:: What the task asks ::
Look through the entries below for the line with "RIZOSPASTIS: The organization, unity" and the line with "Steel 14″ wheels", then give again exactly those two lines and all lines between them, minus the pictures.

:: Material for this exercise ::
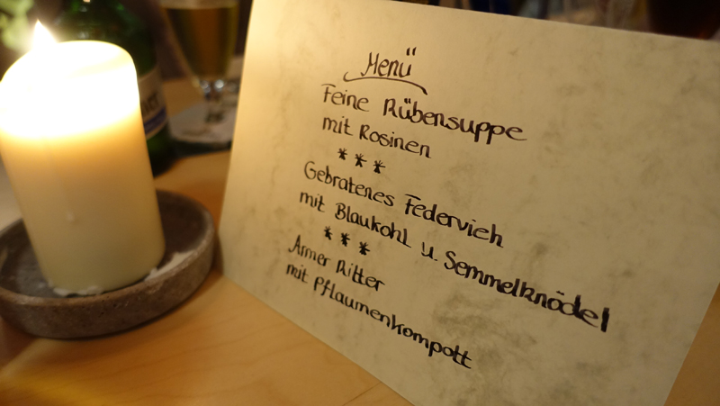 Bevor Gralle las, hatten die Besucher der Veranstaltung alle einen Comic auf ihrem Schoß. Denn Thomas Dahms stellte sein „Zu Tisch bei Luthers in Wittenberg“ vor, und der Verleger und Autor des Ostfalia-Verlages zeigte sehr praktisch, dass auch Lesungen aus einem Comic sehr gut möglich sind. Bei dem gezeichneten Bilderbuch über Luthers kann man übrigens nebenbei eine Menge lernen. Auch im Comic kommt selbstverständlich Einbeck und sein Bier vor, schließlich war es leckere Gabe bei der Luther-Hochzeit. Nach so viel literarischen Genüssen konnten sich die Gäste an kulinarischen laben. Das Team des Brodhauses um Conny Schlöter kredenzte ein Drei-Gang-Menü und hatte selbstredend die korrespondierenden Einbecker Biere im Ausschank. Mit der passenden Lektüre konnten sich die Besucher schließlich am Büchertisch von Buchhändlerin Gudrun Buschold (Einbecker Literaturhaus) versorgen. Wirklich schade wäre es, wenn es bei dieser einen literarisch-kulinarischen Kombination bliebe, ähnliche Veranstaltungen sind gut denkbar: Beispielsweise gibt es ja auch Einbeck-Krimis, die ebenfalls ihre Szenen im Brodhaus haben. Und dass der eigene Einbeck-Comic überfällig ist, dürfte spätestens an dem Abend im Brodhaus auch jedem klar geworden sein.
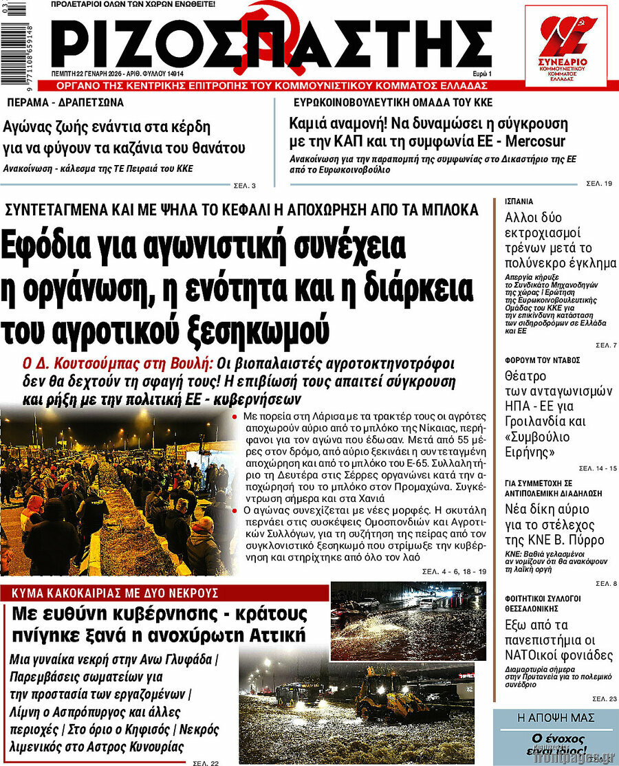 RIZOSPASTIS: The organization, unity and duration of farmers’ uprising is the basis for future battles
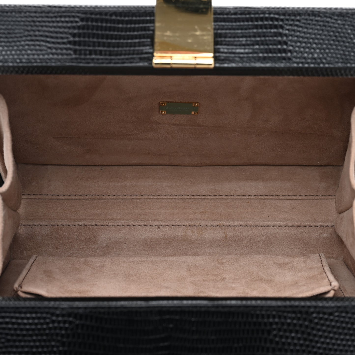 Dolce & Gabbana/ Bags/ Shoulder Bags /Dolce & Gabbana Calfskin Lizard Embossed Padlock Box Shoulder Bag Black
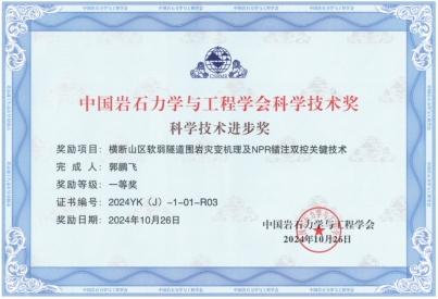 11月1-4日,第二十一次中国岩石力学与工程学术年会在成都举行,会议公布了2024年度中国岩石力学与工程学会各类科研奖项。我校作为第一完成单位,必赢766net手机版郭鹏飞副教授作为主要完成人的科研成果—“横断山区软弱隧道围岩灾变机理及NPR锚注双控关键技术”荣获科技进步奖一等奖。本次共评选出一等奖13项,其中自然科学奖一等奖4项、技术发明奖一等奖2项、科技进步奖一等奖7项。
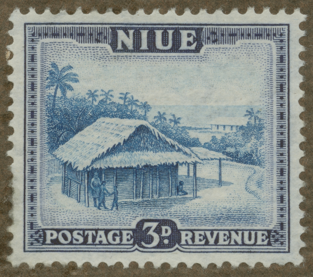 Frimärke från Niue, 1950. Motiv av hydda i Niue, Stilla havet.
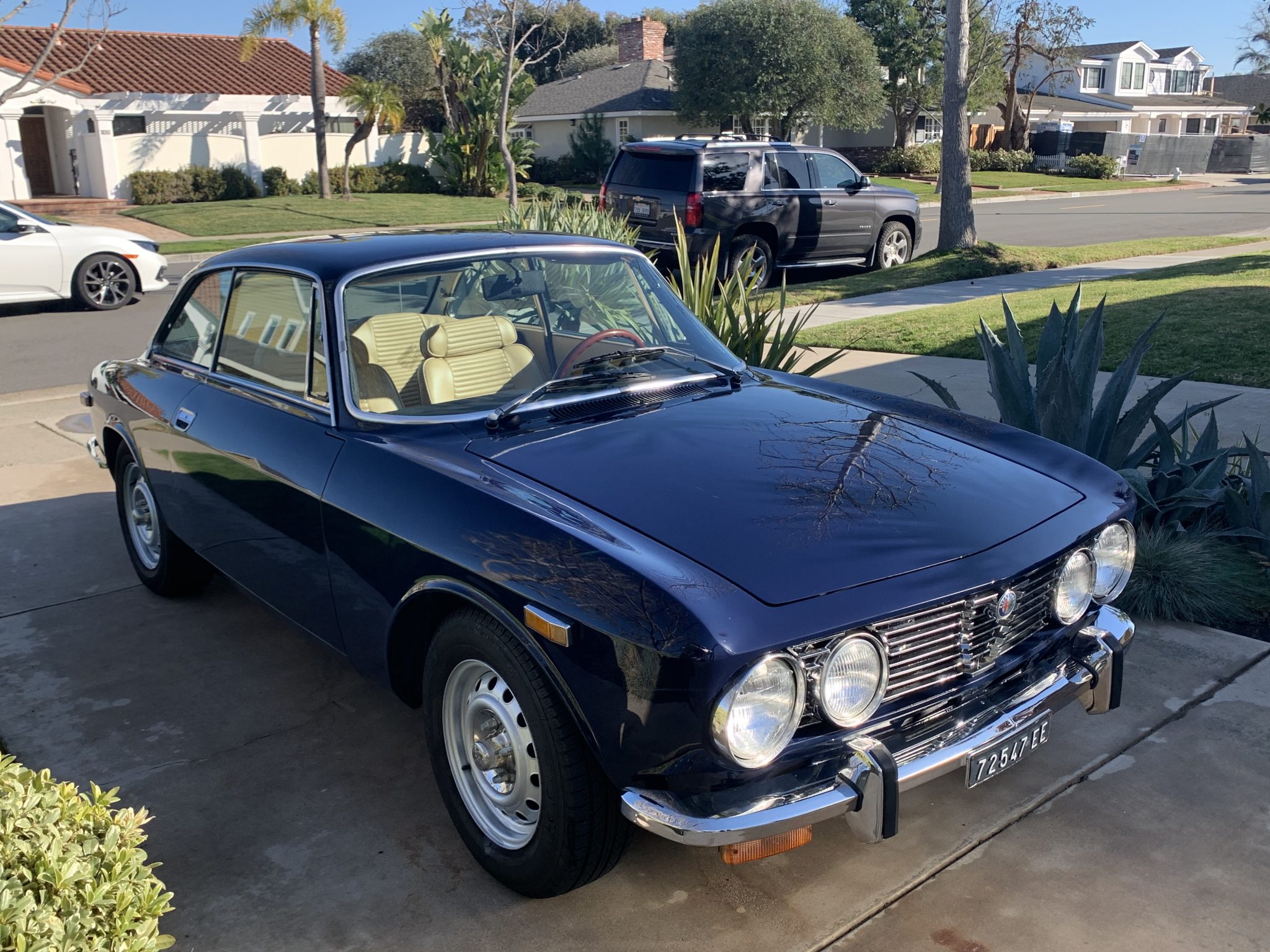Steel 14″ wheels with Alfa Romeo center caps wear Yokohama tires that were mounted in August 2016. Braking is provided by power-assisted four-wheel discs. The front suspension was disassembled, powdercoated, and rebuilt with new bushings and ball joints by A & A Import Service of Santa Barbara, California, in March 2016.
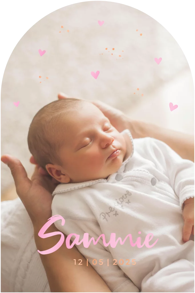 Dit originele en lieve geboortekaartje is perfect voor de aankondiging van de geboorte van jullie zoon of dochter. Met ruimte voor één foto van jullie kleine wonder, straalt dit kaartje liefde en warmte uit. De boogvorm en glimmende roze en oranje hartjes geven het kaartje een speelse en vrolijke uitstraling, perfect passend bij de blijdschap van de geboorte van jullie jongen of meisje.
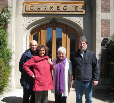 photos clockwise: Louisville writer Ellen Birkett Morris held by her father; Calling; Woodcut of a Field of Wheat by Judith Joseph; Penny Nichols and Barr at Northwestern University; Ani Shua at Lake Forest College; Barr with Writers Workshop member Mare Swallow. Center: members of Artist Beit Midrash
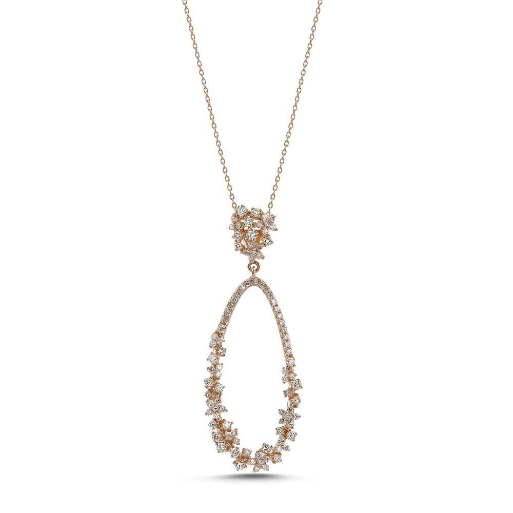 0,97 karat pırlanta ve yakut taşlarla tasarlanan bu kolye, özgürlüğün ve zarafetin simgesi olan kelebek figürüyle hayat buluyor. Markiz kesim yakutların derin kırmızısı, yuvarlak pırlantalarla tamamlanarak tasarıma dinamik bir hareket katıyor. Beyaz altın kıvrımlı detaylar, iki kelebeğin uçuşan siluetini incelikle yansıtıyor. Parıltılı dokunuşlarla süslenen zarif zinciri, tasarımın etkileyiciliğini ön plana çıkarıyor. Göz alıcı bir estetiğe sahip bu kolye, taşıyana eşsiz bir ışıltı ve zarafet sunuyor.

:: Answer for the task ::
 RIZOSPASTIS: The organization, unity and duration of farmers’ uprising is the basis for future battles
 Dolce & Gabbana/ Bags/ Shoulder Bags /Dolce & Gabbana Calfskin Lizard Embossed Padlock Box Shoulder Bag Black
 11月1-4日,第二十一次中国岩石力学与工程学术年会在成都举行,会议公布了2024年度中国岩石力学与工程学会各类科研奖项。我校作为第一完成单位,必赢766net手机版郭鹏飞副教授作为主要完成人的科研成果—“横断山区软弱隧道围岩灾变机理及NPR锚注双控关键技术”荣获科技进步奖一等奖。本次共评选出一等奖13项,其中自然科学奖一等奖4项、技术发明奖一等奖2项、科技进步奖一等奖7项。
 Frimärke från Niue, 1950. Motiv av hydda i Niue, Stilla havet.
Steel 14″ wheels with Alfa Romeo center caps wear Yokohama tires that were mounted in August 2016. Braking is provided by power-assisted four-wheel discs. The front suspension was disassembled, powdercoated, and rebuilt with new bushings and ball joints by A & A Import Service of Santa Barbara, California, in March 2016.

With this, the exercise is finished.